Кто же такой этот черный монах? По-медицински он, конечно, галлюцинация, мираж. В православном же миросозерцании нет галлюцинаций и миражей, но все, что видит человек, — реально. Правда, одни люди видят ангелов, другие — демонов. Так кто же явился Андрею Васильевичу? Из Священного Писания, из трудов святых отцев наших мы знаем, ангелы являются только святым, и лишь иногда, в исключительных случаях, простым смертным. Дьявол же и его слуги могут являться всем. Наш герой, как мы знаем, не верил в Бога, значит, ангел не мог ему явиться.

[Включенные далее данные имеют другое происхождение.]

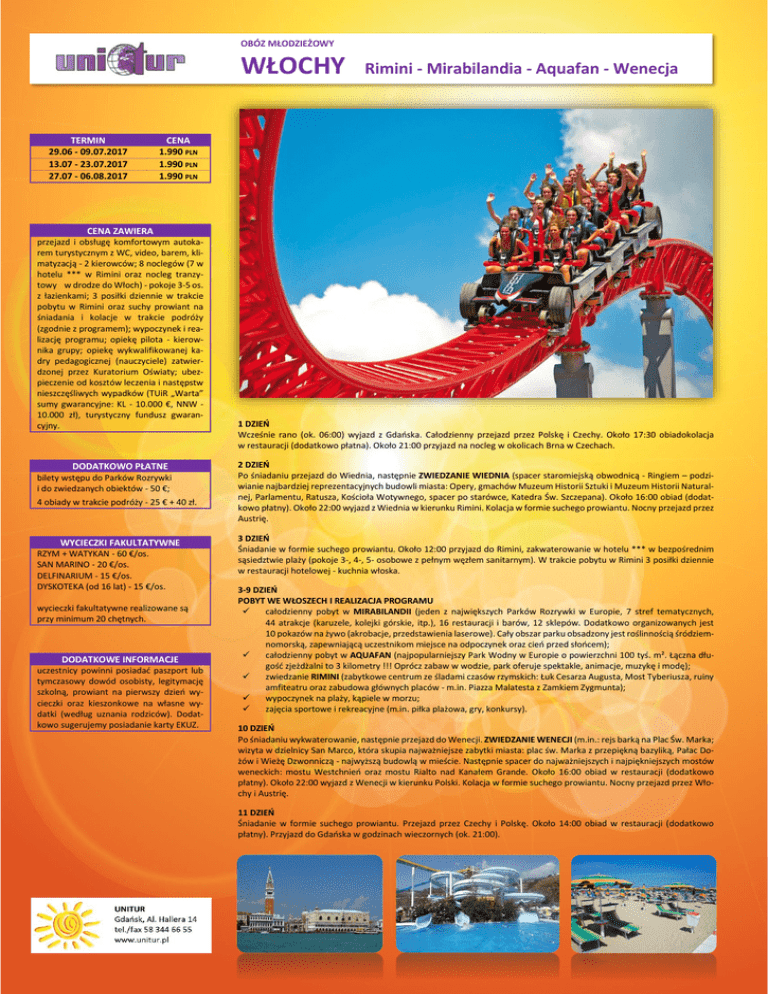 OBÓZ MŁODZIEŻOWY WŁOCHY TERMIN 29.06 - 09.07.2017 13.07 - 23.07.2017 27.07 - 06.08.2017 Rimini - Mirabilandia - Aquafan - Wenecja CENA 1.990 PLN 1.990 PLN 1.990 PLN CENA ZAWIERA przejazd i obsługę komfortowym autokarem turystycznym z WC, video, barem, klimatyzacją - 2 kierowców; 8 noclegów (7 w hotelu *** w Rimini oraz nocleg tranzytowy w drodze do Włoch) - pokoje 3-5 os. z łazienkami; 3 posiłki dziennie w trakcie pobytu w Rimini oraz suchy prowiant na śniadania i kolacje w trakcie podróży (zgodnie z programem); wypoczynek i realizację programu; opiekę pilota - kierownika grupy; opiekę wykwalifikowanej kadry pedagogicznej (nauczyciele) zatwierdzonej przez Kuratorium Oświaty; ubezpieczenie od kosztów leczenia i następstw nieszczęśliwych wypadków (TUiR „Warta” sumy gwarancyjne: KL - 10.000 €, NNW 10.000 zł), turystyczny fundusz gwarancyjny. DODATKOWO PŁATNE bilety wstępu do Parków Rozrywki i do zwiedzanych obiektów - 50 €; 4 obiady w trakcie podróży - 25 € + 40 zł. WYCIECZKI FAKULTATYWNE RZYM + WATYKAN - 60 €/os. SAN MARINO - 20 €/os. DELFINARIUM - 15 €/os. DYSKOTEKA (od 16 lat) - 15 €/os. wycieczki fakultatywne realizowane są przy minimum 20 chętnych. DODATKOWE INFORMACJE uczestnicy powinni posiadać paszport lub tymczasowy dowód osobisty, legitymację szkolną, prowiant na pierwszy dzień wycieczki oraz kieszonkowe na własne wydatki (według uznania rodziców). Dodatkowo sugerujemy posiadanie karty EKUZ. 1 DZIEŃ Wcześnie rano (ok. 06:00) wyjazd z Gdańska. Całodzienny przejazd przez Polskę i Czechy. Około 17:30 obiadokolacja w restauracji (dodatkowo płatna). Około 21:00 przyjazd na nocleg w okolicach Brna w Czechach. 2 DZIEŃ Po śniadaniu przejazd do Wiednia, następnie ZWIEDZANIE WIEDNIA (spacer staromiejską obwodnicą - Ringiem – podziwianie najbardziej reprezentacyjnych budowli miasta: Opery, gmachów Muzeum Historii Sztuki i Muzeum Historii Naturalnej, Parlamentu, Ratusza, Kościoła Wotywnego, spacer po starówce, Katedra Św. Szczepana). Około 16:00 obiad (dodatkowo płatny). Około 22:00 wyjazd z Wiednia w kierunku Rimini. Kolacja w formie suchego prowiantu. Nocny przejazd przez Austrię. 3 DZIEŃ Śniadanie w formie suchego prowiantu. Około 12:00 przyjazd do Rimini, zakwaterowanie w hotelu *** w bezpośrednim sąsiedztwie plaży (pokoje 3-, 4-, 5- osobowe z pełnym węzłem sanitarnym). W trakcie pobytu w Rimini 3 posiłki dziennie w restauracji hotelowej - kuchnia włoska. 3-9 DZIEŃ POBYT WE WŁOSZECH I REALIZACJA PROGRAMU całodzienny pobyt w MIRABILANDII (jeden z największych Parków Rozrywki w Europie, 7 stref tematycznych, 44 atrakcje (karuzele, kolejki górskie, itp.), 16 restauracji i barów, 12 sklepów. Dodatkowo organizowanych jest 10 pokazów na żywo (akrobacje, przedstawienia laserowe). Cały obszar parku obsadzony jest roślinnością śródziemnomorską, zapewniającą uczestnikom miejsce na odpoczynek oraz cień przed słońcem); całodzienny pobyt w AQUAFAN (najpopularniejszy Park Wodny w Europie o powierzchni 100 tyś. m². Łączna długość zjeżdżalni to 3 kilometry !!! Oprócz zabaw w wodzie, park oferuje spektakle, animacje, muzykę i modę); zwiedzanie RIMINI (zabytkowe centrum ze śladami czasów rzymskich: Łuk Cesarza Augusta, Most Tyberiusza, ruiny amfiteatru oraz zabudowa głównych placów - m.in. Piazza Malatesta z Zamkiem Zygmunta); wypoczynek na plaży, kąpiele w morzu; zajęcia sportowe i rekreacyjne (m.in. piłka plażowa, gry, konkursy). 10 DZIEŃ Po śniadaniu wykwaterowanie, następnie przejazd do Wenecji. ZWIEDZANIE WENECJI (m.in.: rejs barką na Plac Św. Marka; wizyta w dzielnicy San Marco, która skupia najważniejsze zabytki miasta: plac św. Marka z przepiękną bazyliką, Pałac Dożów i Wieżę Dzwonniczą - najwyższą budowlą w mieście. Następnie spacer do najważniejszych i najpiękniejszych mostów weneckich: mostu Westchnień oraz mostu Rialto nad Kanałem Grande. Około 16:00 obiad w restauracji (dodatkowo płatny). Około 22:00 wyjazd z Wenecji w kierunku Polski. Kolacja w formie suchego prowiantu. Nocny przejazd przez Włochy i Austrię. 11 DZIEŃ Śniadanie w formie suchego prowiantu. Przejazd przez Czechy i Polskę. Około 14:00 obiad w restauracji (dodatkowo płatny). Przyjazd do Gdańska w godzinach wieczornych (ok. 21:00).

Ангелы, являясь, всегда призывают к смирению, к покаянию, а бесы нашептывают человеку, что он гений, избранник Божий, а другие люди — стадо. Черный монах как раз этим и довел Андрея Васильевича до сумасшествия. Выходит, Чехов показал нам дьявола. Более того, про черного монаха он неоднократно говорит, что тот взглянул лукаво, или: «улыбнулся ласково и в то же время лукаво». Уточним, что лукавый — одно из имен дьявола. Даже святой Симеон Столпник чуть не был прельщен им. Дьявол явился ему в виде ангела на колеснице и сказал: «Господь забирает тебя к себе». Мол, ты уже настолько святой, что заслужил от Бога высшую награду — быть восхищенным на небо во плоти. Симеон чуть было не шагнул в колесницу, но в последний миг перекрестился, и дьявольское наваждение рассыпалось в прах. Но Симеона-то крест спас, его неизмеримая сила духовная, а что может спасти неверующего?

В «Черном монахе» Чехов показал причину духовной болезни русской интеллигенции: безбожие. «Ему (Коврину) стало жутко, и он мельком взглянул на дверь, как бы боясь, чтобы не вошла в номер и не распорядилась им опять та невидимая сила, которая в какие-нибудь два года произвела столько разрушений в его жизни и в жизни близких».

Разрушающая, но не созидающая сила распоряжалась Андреем Васильевичем Ковриным: «Коврин теперь ясно сознавал, что он посредственность». «В каждой строчке (работ, написанных им во время болезни — С.Щ. ) видел он странные, ни на чем не основанные претензии, легкомысленный задор, дерзость, манию величия, и это производило на него такое впечатление, будто он читал описание своих пороков». Да, собственно говоря, у безбожного интеллигента и выбора-то нет: без Бога будешь посредственностью, а если попадешь в лапы дьяволу, все равно тебя ожидает «легкомыслие и описание своих пороков».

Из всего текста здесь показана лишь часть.